Fraud and threats from nefarious third-party actors have become increasingly sophisticated and hard to predict. With the rise of AI and the desire to reduce friction in the customer journey, cybercriminals and digitally savvy fraudsters are targeting any point of security weakness. Providers must spend as much time building a secure-by-design infrastructure to ensure highly beneficial tools such as AI cannot become a risk to customer safety and data protection.

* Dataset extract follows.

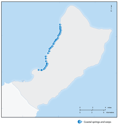 About this map:This map shows the locations of coastal springs mapped as part of a groundwater study by Jocson, J.M.U. (1998), Hydrologic model for the Yigo-Tumon and Finegayan subbasins of the Northern Guam Lens Aquifer (NGLA), Guam [MSc thesis], University of Guam, Mangilao, 95 pp. The study area spanned the coastal segment from Tumon Bay north to Falcona Beach. The original locations of springs were plotted on USGS topographic map. Flow estimation in mgd was based on visual observations. Seepage areas along the coast were also noted but are not included on this map. Further information can be found in Jocson, J. M.U. et al., (1999), Numerical Modeling and Field Investigation of Infiltration, Recharge, and Discharge in the Northern Guam Lens Aquifer (NGLA), WERI Technical Report # 88 (available from http://www.weriguam.org/reports/item/numerical-modeling-and-field-investigation-of-infiltration-recharge-and-discharge-in-the-northern-guam-lens-aquifer.html). |

Regardless of their position, every employee needs cybersecurity awareness training, including regular updates on the most recent threats and attack methods – which are becoming increasingly sophisticated. This shouldn’t just be a case of annual ‘tick box’ e-learning courses but creative and practical engagement with employees such as company hackathons or group bug bounty bashing.
Leaning on the latest technology
Automation and augmentation are also crucial when it comes to managing data privacy risks. Thanks to the latest AI and machine learning technologies, companies can receive actionable insights and notifications through a single interface. AI can be a real force for good here. Some tools can instantly detect compromised sensitive data. It can also detect when it has left the company environment too.
These technologies allow providers to better control and coordinate security throughout the entire digital corporate environment. Additionally, it helps to lower the volume and frequency of human error. In today’s financial services ecosystem, providers will simply be unable to effectively comply with the relevant rules and regulations if they ignore the power of AI and fail to use it for good. In turn, this will help someone else use AI for bad at the expense of their business’s data security.
According to Juniper Research’s recent AI in Financial Fraud Detection report, global business spending on AI-enabled financial fraud detection and prevention platforms will exceed $10billion globally in 2027, rising from $2.7billion in 2022.
This exponential growth will be fuelled by a new trend in AI-enabled fraud protection and data management: a focus on accessing fraud information from beyond a business’ transactions. To facilitate this, fintechs are already forging new partnerships with third parties, such as credit bureaus and payment networks, to boost data coverage and enhance algorithm learning.
An inability to harness AI in your controls and infrastructure will not only have a negative commercial impact but allow those using AI for harm to infiltrate, putting your customers and the business at risk.